**EXERCISE DIRECTIONS:** Once the line containing "Piccolo battello sotto" is reached, copy it and every line after it exactly, to the end of the material, without pictures.
***** SUPPLIED MATERIAL *****
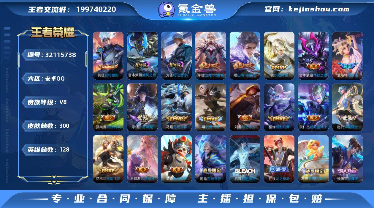 ·弑枪猎影·浮生妄·山海苍雷引·时之恋人·猫影幻舞·一念神魔·冠军飞将·无双飞将·山海炽霜斩·乞巧织情·炽阳神光·墨上江山天幕·可二次】w18131-安卓Q-128英雄-300皮肤-12王者印记-211铭文-贵族积分7w【贵族8】【1典藏·1珍品无双·2星传说·18传说·1天幕·5按键】【因赛季更新游戏段付以上号为准!】 【英雄全皮】:戈娅全皮,空空儿全皮 【荣耀典藏】:韩信弑枪猎影 【珍品无双】:貂蝉馥梦繁花 【星元皮肤】:宫本武藏幽冥之眼,刘备时之思念 【天幕】:墨上江山天幕 【传说皮肤】:桑启鸣野蒿,夏洛特浮生妄,曜山海苍雷引,李信山海炽霜斩,马超无双飞将,赵云淬星耀世,王昭君乞巧织情,镜炽阳神光,虞姬启明星使,曜云鹰飞将,李信一念神魔,刘备时之恋人,貂蝉猫影幻舞,花木兰冠军飞将,梦奇胖达荣荣,孙尚香末日机甲,宫本武藏地狱之眼,狄仁杰超时空战士 【限定皮肤】:大乔绒语心约,姜子牙天穹之誓,狄仁杰阴阳师,赵云皇家上将,赵云百木心枪,高渐离玩趣恶龙,阿轲迷踪丽影,钟无艳超时空战士,扁鹊奇幻香踪,吕布御风骁将,元歌云间偶戏,元歌无心,甄姬落雪兰心,马可波罗暗影游猎,马可波罗山海玄木吟,狄仁杰魔术师,狄仁杰万华元夜,达摩沙漠行僧,项羽海滩派对,老夫子醍醐杖,关羽冰锋战神,程咬金演武夺筹,刘邦夺宝奇兵,韩信傲雪梅枪,王昭君午后时光,兰陵王金庭之子,亚瑟潮玩骑士王,孙悟空至尊宝,后羿圣弓游侠,李元芳云中旅人,虞姬启明星使,钟馗驱傩正仪,杨戬潮玩骑兵,干将莫邪胡桃夹子,雅典娜黎明之约,蔡文姬繁星吟游,鬼谷子原初探秘者,鬼谷子五谷丰年,黄忠烈魂,苏烈玄武志,梦奇顽趣,沈梦溪大漠名商,明世隐疑决卦,裴擒虎天狼狩猎者,裴擒虎李小龙,裴擒虎擒涛扼浪,狂铁电玩高手,云中君纤云弄巧,李信山海炽霜斩,猪八戒西部大镖客,上官婉儿梁祝,嫦娥拒霜思,嫦娥暖冬兔...
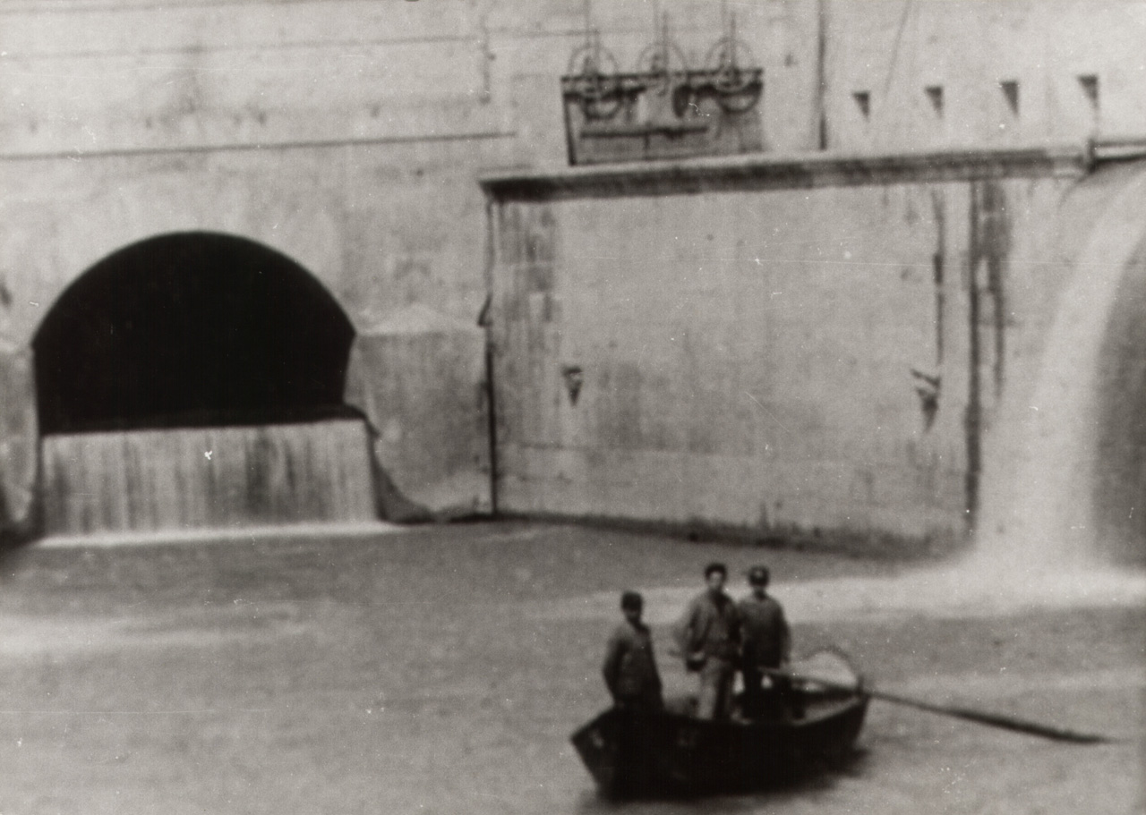Piccolo battello sotto la cascata dell'Arco di mezzo a Battaglia Terme.
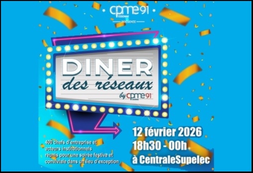 Le développement d'une entreprise repose autant sur la solidité de ses projets que sur l'étendue de son réseau. Le 12 février prochain, la CPME 91 organise une nouvelle édition de son événement phare, le Dîner des Réseaux, dans le cadre prestigieux de CentraleSupelec.
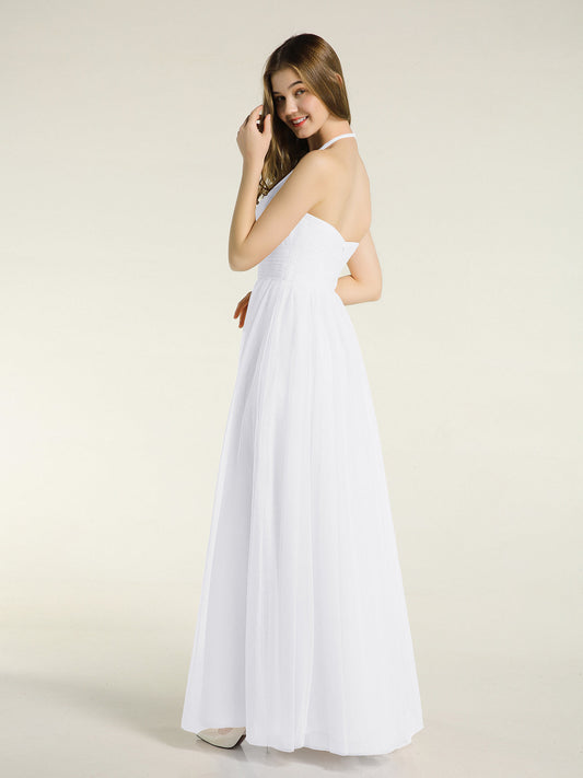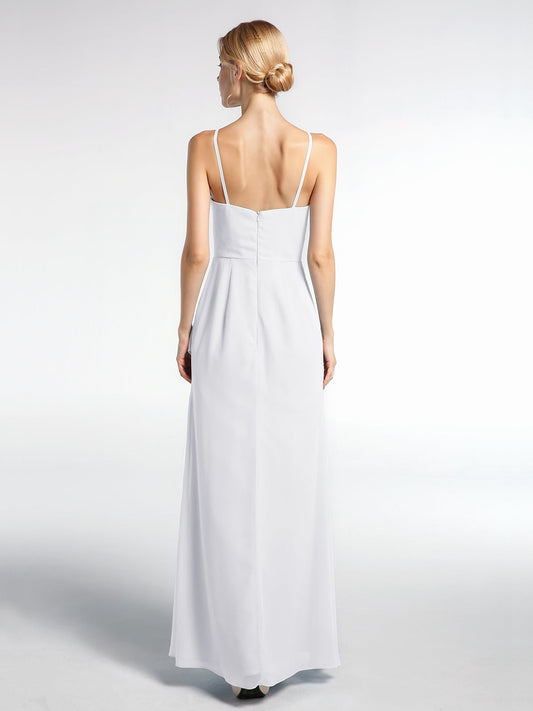 Babaroni MariaVestidos largos de chiffon de cuello en Y para damas de honor Blanco
*****
**ANSWER TO THE EXERCISE:**
Piccolo battello sotto la cascata dell'Arco di mezzo a Battaglia Terme.
 Le développement d'une entreprise repose autant sur la solidité de ses projets que sur l'étendue de son réseau. Le 12 février prochain, la CPME 91 organise une nouvelle édition de son événement phare, le Dîner des Réseaux, dans le cadre prestigieux de CentraleSupelec.
 Babaroni MariaVestidos largos de chiffon de cuello en Y para damas de honor Blanco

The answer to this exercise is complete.